Скрипица не посмел ослушаться и выпил.

Вино было, как огонь, но от него не было никакого веселья, только в голове зашумело.

Бурба налил и себе стакан и выпил. Вытерев рукавом свитки усы, он крякнул и приказал, сверкая главами:

— Играй, сучий сын!..

И опять Скрипица не посмел ослушаться, вытащил из-под свитки свою старую скрипку и смычок и заиграл.

Что он играл — он никак потом не мог вспомнить. Он заметил только одно — что смычок и пальцы его не слушались, и оттого у него выходила странная, незнакомая, дикая музыка, не похожая ни на одну из тех песен, которые он знал и всегда играл.

Казалось, что это вовсе и не он играл, а кто-то другой, и не его это были пальцы, нажимавшие на грифе струны и водившие по ним смычком, а чужие, над которыми он не имел никакой власти…

Едва он заиграл — как в темноте что-то зашумело, засвистело, точко налетела и закружилась над ними целая стая огромных птиц. Он даже чувствовал ветер на лице от бившихся в темноте невидимых крыльев…

От страха у Скрипицы захолонуло сердце. Он с радостью перестал бы играть и спрятал бы свою скрипку назад под свитку, если бы не был весь во власти Бурбы — от его грозных глаз и огненного чертова вина. Бурба смотрел на него не отрываясь, даже когда наливал себе вина — не сводил с него своих острых, как гвозди, блестящих глаз; а его губы чуть-чуть усмехались в бороду, точно он хотел сказать: попался, брат, так уж отыгрывайся!..

Час, два часа или больше играл Скрипица — он не мог сказать. Только у него вдруг сразу занемели пальцы и скрипка выпала из рук.

Бурба поднес ему стакан вина и сказал:

— Теперь я буду играть, а ты слушай!.. Только не смотри по сторонам, а то пропадешь!..

Он взял скрипку и заиграл. И странно — скрипка у него как будто не играла, а говорила, плакала, что-то рассказывала, на что-то жаловалась. Словно то вовсе была не скрипка, а душа человеческая, которую он держал в руках и эас-тавлял рассказывать о ее мучениях…

От этой музыки Скрипице вдруг стало так тяжело, грустно, что он положил на камень голову и заплакал — горько, как никогда в жизни. Боже ж мой, то же ведь его душа плакала и жаловалась так на свою горькую долю! То же ведь на его душе играл Бурба свою жалостную песню!..

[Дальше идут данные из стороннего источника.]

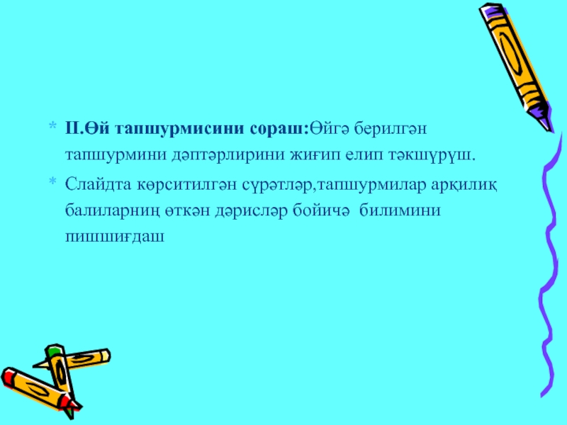 Слайд 8ІІ.Өй тапшурмисини сораш:Өйгә берилгән тапшурмини дәптәрлирини жиғип елип тәкшүрүш.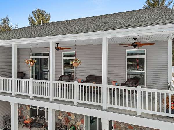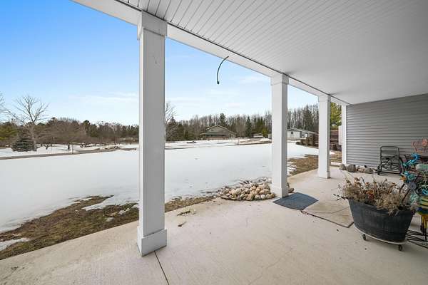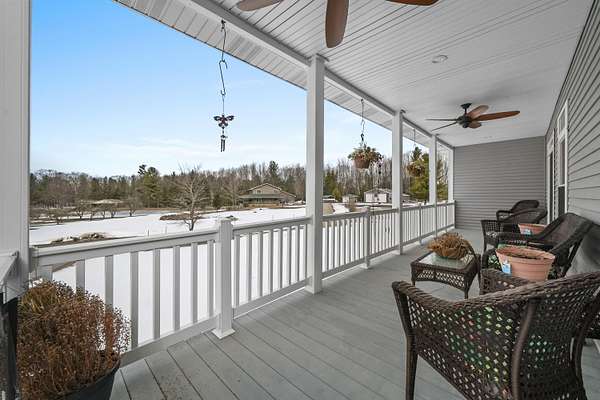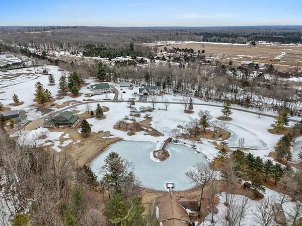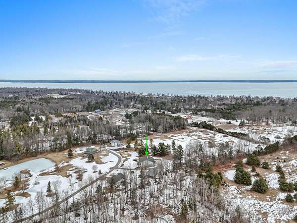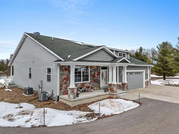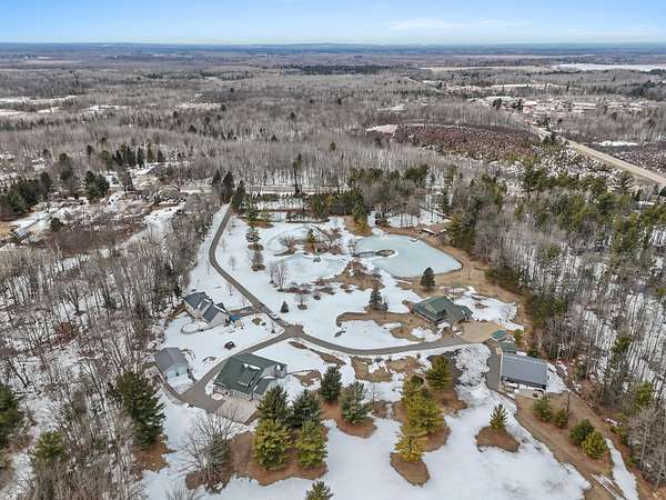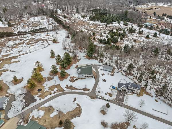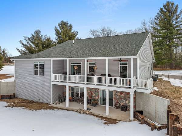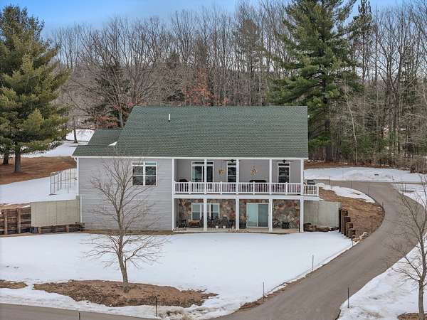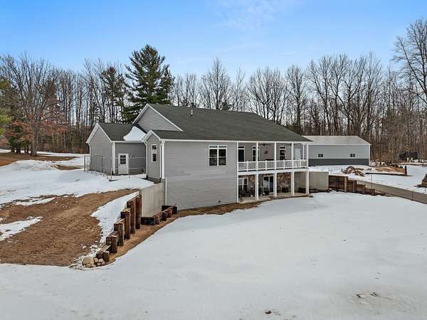 Tucked away on 2 acres along a shared private drive, this beautifully custom-built home overlooks three serene ponds and an abundance of wildlife. True Northern Michigan living while only being about a mile from the lake. Offering 3 bedrooms and 3 bathrooms, it features 10-ft ceilings, granite countertops throughout, custom kitchen cabinetry with a matching hood vent, and stainless steel appliances. The walkout basement is ideal for entertaining with a custom-built bar and spacious layout. Relax on the covered porch or balcony and take in the peaceful views. Extras include a whole-house generator, water softener and filtration system, dog run, and a 30x40 pole barn with 18-ft ceilings, 10-ft garage doors, concrete floor, drain, and separate electrical panel for all the extras.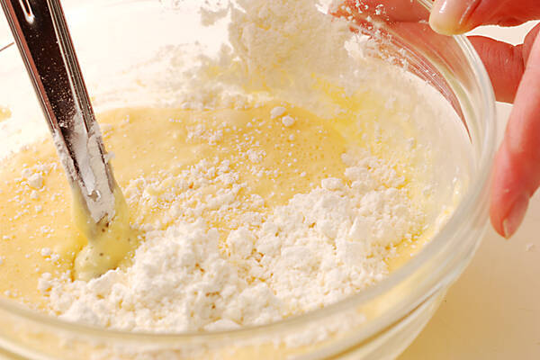 卵を溶きほぐし、砂糖、牛乳を混ぜ合わせホットケーキミックス、溶かしバターを混ぜ合わせる。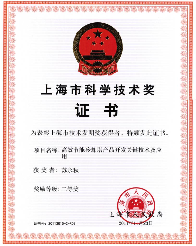 日前,作為鑫凌制冷公司核心成員之一的蘇永秋先生獲得上海市科學(xué)技術(shù)二等獎(jiǎng),項(xiàng)目名稱(chēng)“高效節(jié)能冷卻塔產(chǎn)品開(kāi)發(fā)關(guān)鍵技術(shù)及應(yīng)用”,這也是蘇永秋先生第三次獲得省級(jí)科學(xué)技術(shù)二等獎(jiǎng)。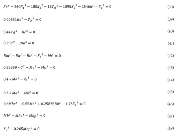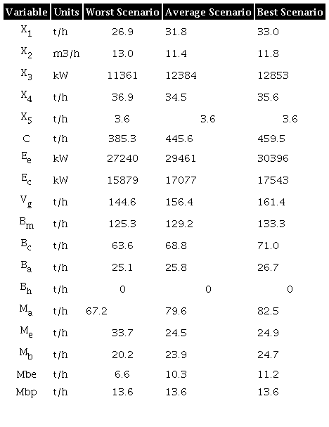 Xsj = Quantity of product j to be produced for the scenario s (i = 1 in ton /h, i = 2 ethanol in m3/h, i = 3 in kW, i = 4 in ton/h, i = 5 in ton/h)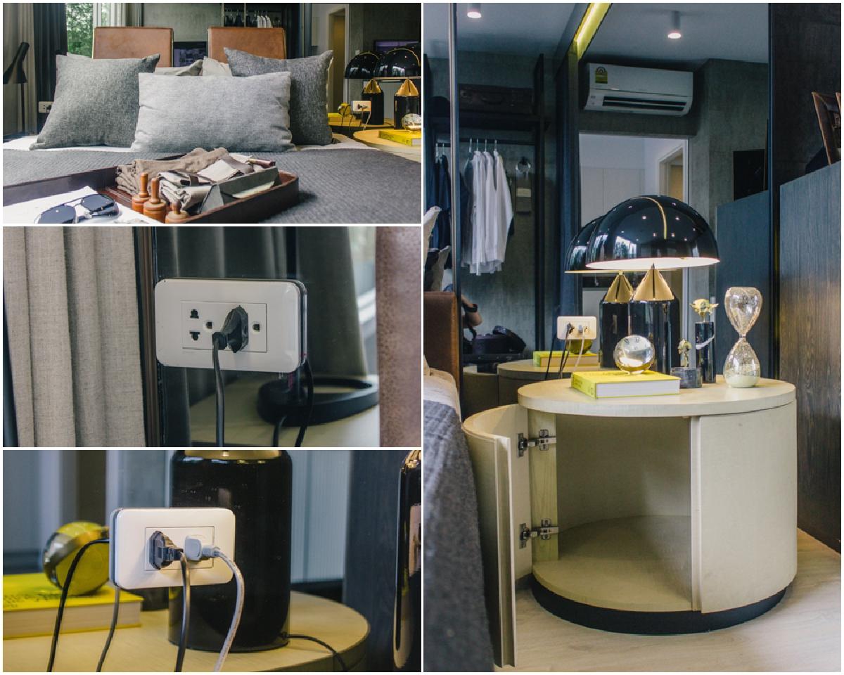 สำหรับสองข้างฝั่งของหัวเตียงมีเต้าเสียบปลั๊กไฟให้ใช้ฝั่งละ 2 ช่องเสียบ ฝั่งขวามือของเตียง (ขวามือจากรูป) โครงการนำชั้นวางโคมไฟมาตกแต่ง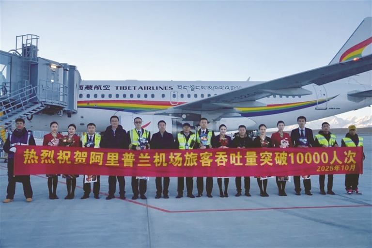 10月20日,西藏航空TV9705航班平穩(wěn)降落在阿里普蘭機(jī)場(chǎng),作為阿里普蘭機(jī)場(chǎng)2025年第10000名旅客,乘客果果在工作人員的掌聲中走下飛機(jī),接受機(jī)場(chǎng)工作人員敬獻(xiàn)的哈達(dá)和鮮花。這一刻,是阿里普蘭機(jī)場(chǎng)實(shí)現(xiàn)年旅客吞吐量“從千到萬(wàn)”的歷史性跨越。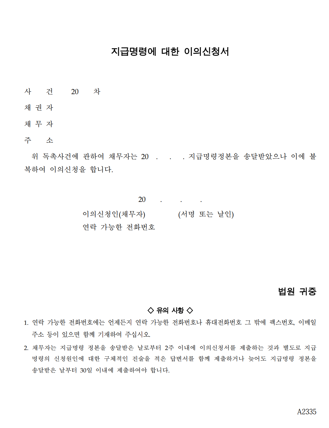 지급명령에 대한 이의신청은 지급명령 송달일로부터 2주 내에 하셔야 됩니다.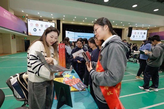 On November 3, Hangzhou Entel Foreign Language School hosted its first Overseas University Fair of the semester, welcoming representatives from 43 universities across the US, UK, Japan, Singapore, and Spain. Notable schools included University of Rochester, UC Santa Barbara, Northeastern University, and Loughborough University. The fair featured interactive booths and a guest forum on global higher education, where admissions officers shared insights on fit, growth, and application tips. Students engaged in in-depth cultural exchanges, gaining a clearer vision of their future study paths and limitless possibilities.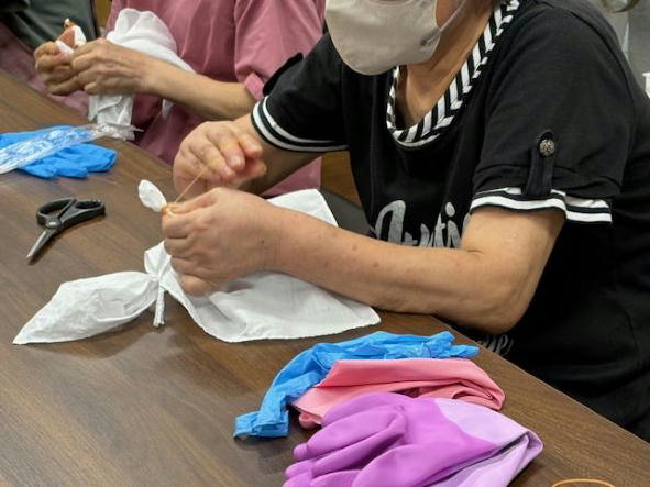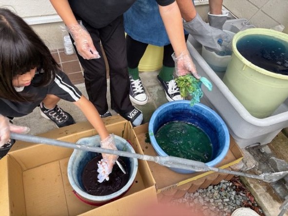 藍染め体験をしました。今回は輪ゴムやビニールテープで縛って、2色染めをしました。  1時間半くらいで出来ましたが、皆さんそれぞれにきれいな染め上りでした。
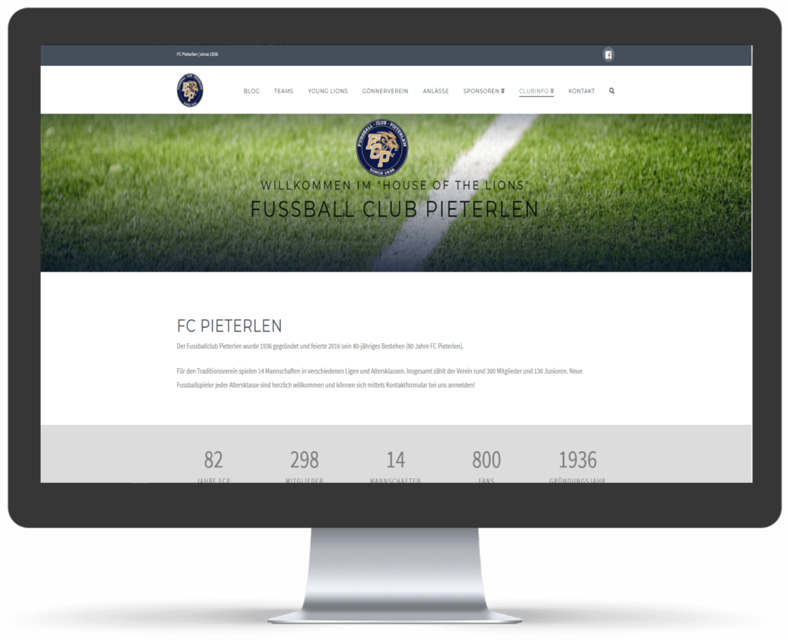 Die Website dient als Visitenkarte für den Fussballclub Pieterlen. Fans und Spieler finden alle wichtigen Informationen auf einen Blick.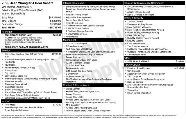 Check Out All These options Quick Order Package 22G Sahara, Technology Group (12.3 Touchscreen Display, 4G LTE Wi-Fi Hot Spot, Apple CarPlay, Auto-Dimming Rear-View Mirror, Connected Travel & Traffic Services, Connectivity - US/Canada, Google Android Auto, GPS Navigation, HD Radio, Integrated Off-Road Camera, Integrated Voice Command w/Bluetooth®, Radio: Uconnect 5 Nav w/12.3 Display, SiriusXM Radio Service, SiriusXM w/360L, and Universal Garage Door Opener), 110 MPH Vehicle Max Speed Calibration, 3.45 Overall Top Gear Ratio, 4-Wheel Disc Brakes, 8 Speakers, ABS brakes, Air Conditioning, Alloy wheels, Alpine Premium Audio System, AM/FM radio: SiriusXM, Apple CarPlay/Android Auto, Automatic temperature control, Aux Battery, Body Color 3-Piece Hard Top, Brake assist, Cloth Low-Back Bucket Seats, Compass, Delay-off headlights, Driver door bin, Driver vanity mirror, Dual front impact airbags, Dual front side impact airbags, Electronic Stability Control, Emergency communication system: Jeep Connect, Freedom Panel Storage Bag, Front anti-roll bar, Front Bucket Seats, Front Center Armrest w/Storage, Front dual zone A/C, Front fog lights, Front reading lights, Fully automatic headlights, Heated door mirrors, Heated front seats, Heated steering wheel, Heavy Duty Suspension w/Gas Shocks, Illuminated entry, Integrated Center Stack Radio, Integrated roll-over protection, Jeep Trail Rated Kit, Low tire pressure warning, MOPAR All-Weather Floor Mats, Non-Lock Fuel Cap w/o Discriminator, Occupant sensing airbag, Outside temperature display, Overhead airbag, Panic alarm, ParkView Rear Back-Up Camera, Passenger door bin, Passenger vanity mirror, Power door mirrors, Power steering, Power windows, Radio data system, Radio: Uconnect 5 w/12.3 Display, Rear anti-roll bar, Rear reading lights, Rear Window Defroster, Rear Window Wiper/Washer, Remote keyless entry, Security system, Speed control, Split folding rear seat, Steering wheel mounted audio controls, Stop-Start Dual Battery System, Tachometer, Telescoping steering wheel, Tilt steering wheel, Traction control, Trip computer, Variably intermittent wipers, Voltmeter, and Wheels: 18 x 7.5 Machine/Painted Gray. Price includes: $1500 - 2025 National Bonus Cash . Exp. 02/02/2026 $2500 - 2025 National Retail Bonus Cash . Exp. 02/02/2026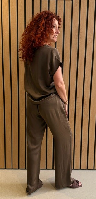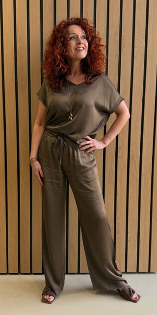 Stijlvolle dames satijnen broek van Noman’sland in de kleur soft bark. Gemaakt van 100% viscose voor een soepel en comfortabel draaggevoel. Voorzien van een elegante strikceintuur voor een perfecte pasvorm. Perfect voor een chique en tijdloze look. Bestelnummer: 65.279-6578.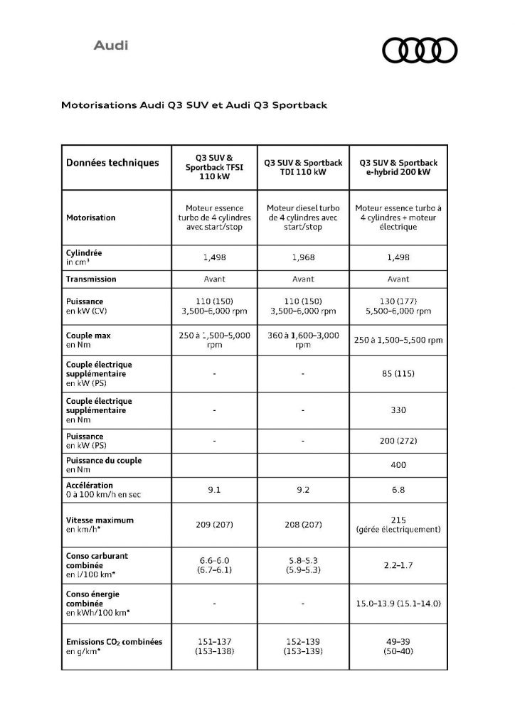 Cette seconde génération de l’Audi Q3 Sportback sera disponible en France en novembre. Les commandes sont ouvertes. La Q3 Sportback TFSI 150ch en finition Design débutera à 46 350 € quand la version e-Hybrid 272 chevaux débutera à 57 500 € en Design.

И Скрипица в первый раз за всю свою жизнь увидел, что он несчастный, жалкий бродяга, нищий пьяница, что у него никого нет, ни одной живой, родной души, кому он мог бы пожаловаться, кто пожалел бы его и поплакал над ним, что вся жизнь у него — собачья, и смерть его ожидает тоже — собачья.

На Бурба вдруг переменил тон и заиграл веселую плясовую песню, да так, что Скрипица сразу забыл о своих печалях, и его ноги заходили ходуном, точно сам черт затанцевал в них.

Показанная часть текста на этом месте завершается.